Figure BDA0003223429930000044
wherein the content of the first and second substances,parepresenting the probability of crash, p, associated with a blue plane maneuverdThe damage probability associated with the distance is shown, and the position (airfft _ aim) shows the area of the attack area of the local area where the blue machine is located;
step 1-2-4: the specific steps for launching the missile are as follows:
step 1-2-4-1: inputting the distance d, the departure angle AA, the deviation angle ATA, the position and the speed of the red machine and the blue machine;
step 1-2-4-2: constructing a missile model, and setting the number of missiles;
step 1-2-4-3: judging whether the blue machine is in an attack area of the red machine or not according to the distance d and the departure angle ATA;
step 1-2-4-4: when the blue machine is in the attack area of the red machine, judging which part of the attack area the blue machine is in;
step 1-2-4-5: judging the speed direction of the blue machine relative to the red machine;
step 1-2-4-6: calculating the hit rate of the missile at the moment;
step 1-2-4-7: judging whether the missile is hit;
step 1-3: a neural network normalization model;
step 1-3-1: inputting state variables of the unmanned aerial vehicle;
step 1-3-2: normalized velocity
Figure BDA0003223429930000051
Step 1-3-3: normalized angle
Figure BDA0003223429930000052
Step 1-3-4: normalized position
Figure BDA0003223429930000053
Step 1-3-5: making a difference on the positions of the normalized red machine and the normalized blue machine;
step 1-3-6: outputting the data;
step 1-4: constructing a battlefield environment model;
step 1-5: situation judgment and target distribution model;
step 1-5-1: inputting the states of the red machine and the blue machine, including the speed, the pitch angle, the yaw angle and the triaxial position;
step 1-5-2: calculating respective angle advantages according to the pitch angle and the yaw angle
Figure BDA0003223429930000054
φtIs the target entry angle, phifIs the target azimuth;
step 1-5-3: calculating respective distance advantage according to three-axis position
Figure BDA0003223429930000055
1-5-4: calculating respective energy advantages from the velocity and the height in the three-axis position
Figure BDA0003223429930000056
1-5-5: calculating the comprehensive advantage S ═ C by combining the advantages of angle, speed and energy1Sa+C2Sr+C3Eg,C1、C2And C3Are all weighting coefficients;
1-5-6: sequencing the targets according to the comprehensive advantages to generate a target distribution matrix;
1-5-7: and outputting the allocation of the targets according to the target allocation matrix.

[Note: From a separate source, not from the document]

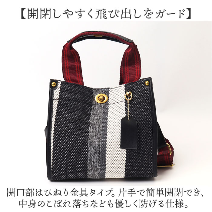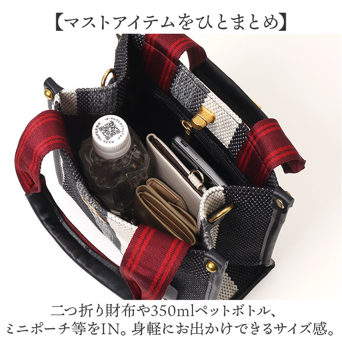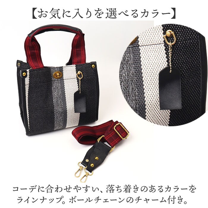 | 商品説明 | 【コーデのおしゃれなワンポイントに】シンプルスタイルに映えるデザイン♪こなれ感がアップする「トートバッグ」スモールサイズ。【おしゃれで目を惹くミックスカラー】複数のカラーを組み合わせた、絶妙な色使いが魅力◎ラフなコーデもグンと大人な雰囲気に。【お好みに合わせてスタイルチェンジ】ハンドバッグとして♪長さ調節可能なショルダーを取り付け肩掛けや斜め掛けも自在な2way☆【型崩れしにくいスクエアバッグ】ガシガシ使える丈夫な素材。ソフトな底板も内蔵しており、荷物を入れてもフォルムをキープ。【開閉しやすく飛び出しをガード】開口部はひねり金具タイプ。片手で簡単開閉でき、中身のこぼれ落ちなども優しく防げる仕様。【マストアイテムをひとまとめ】二つ折り財布や350mlペットボトル、ミニポーチ等をIN。身軽にお出かけできるサイズ感。【サクッと取り出せて迷子知らず】内側に1つポケットを配置。鍵などの細々した物も、バッグの中で探す手間が不要。【お気に入りを選べるカラー】コーデに合わせやすい、落ち着きのあるカラーをラインナップ。ボールチェーンのチャーム付き。【ポケット仕様】内側:ファスナーポケット×1 |

Further, in the step 2, an MAPPO algorithm is adopted as a multi-agent reinforcement learning algorithm, a centralized training and distributed execution framework is combined with a PPO algorithm to form the MAPPO algorithm, and a corresponding reward function is designed on the basis of a specific air combat environment, and the specific steps are as follows:
the return function consists of four sub-return functions, namely a height return function, a speed return function, an angle return function and a distance return function; the method comprises the following specific steps:
step 2-1: input unmanned aerial vehicle state Sr=[Vr,γr,φr,xr,yr,hr];
Step 2-2: calculating the height difference Δ h ═ hr-hbAnd calculates a height difference reward r _ h, hr、hbRespectively, the height of the red machine and the height of the blue machine, wherein the height unit is meter:
Figure BDA0003223429930000061
step 2-3: high security rewards for computer red:
Figure BDA0003223429930000062
step 2-4: calculating a total altitude reward Rh=r_h+r_h_self;
Step 2-5: calculating the speed difference Δ h ═ vr-vbAnd calculating the velocity difference reward, vr、vbThe speed of the red machine and the speed of the blue machine are respectively expressed, and the speed is expressed in the unit of meter/second:
Figure BDA0003223429930000063
step 2-6: speed safety reward of computer:
Figure BDA0003223429930000064
step 2-7: calculating a total speed reward Rv=r_v+r_v_self;
Step 2-8: calculating the deviation angle AA and the deviation angle ATA of the red computer and the blue computer;
step 2-9: calculating to obtain angle reward
Figure BDA0003223429930000065
Step 2-10: calculating the distance between red and blue machines as the departure angle AWhen TA is less than 60 degree, the distance reward is obtained
Figure BDA0003223429930000066
Step 2-11: setting different weights to sum the rewards to obtain continuous reward Rc=a1·Ra+a2·Rh+a3·Rv+a4·Rd,a1、a2、a3And a4Respectively, representing different weights.
Further, in step 3, the unmanned aerial vehicle model constructed in step 1 and the multi-agent reinforcement learning algorithm in step 2 are combined to generate a final multi-machine cooperative air combat decision method based on multi-agent reinforcement learning, which is specifically as follows:
step 3-1: the multi-agent reinforcement learning algorithm consists of a strategy network and a value network, wherein the value network is responsible for evaluating the action selected by the strategy network so as to guide the updating of the strategy network; the input of the value network is the speed, the pitch angle, the yaw angle, the position in the x direction, the position in the y direction, the height and the selected action of the unmanned aerial vehicle, the friend aircraft and the enemy aircraft at the last moment; the input of the strategy network is the speed, the pitch angle, the yaw angle, the position in the x direction, the position in the y direction and the height of the unmanned aerial vehicle, and the output of the strategy network is selected action;
step 3-2: firstly, selecting initial actions according to initial parameters of a policy network of the red machine and the blue machine, executing the actions in a battlefield environment model to obtain a new state, then calculating rewards, and then packaging and storing the states, the rewards and the actions of the red machine and the blue machine in an experience playback library of a multi-agent reinforcement learning algorithm in a normalized mode; after enough set data are stored, the value network of the red machine and the blue machine samples the data of the experience playback library, the states of the red machine and the blue machine are combined, the strategy network updates the strategy, then the unmanned aerial vehicle takes the state of the unmanned aerial vehicle as the input of the strategy network, the strategy network selects the action of the unmanned aerial vehicle according to the state of the unmanned aerial vehicle, the unmanned aerial vehicle executes the action to obtain new data, and the circulation is carried out repeatedly.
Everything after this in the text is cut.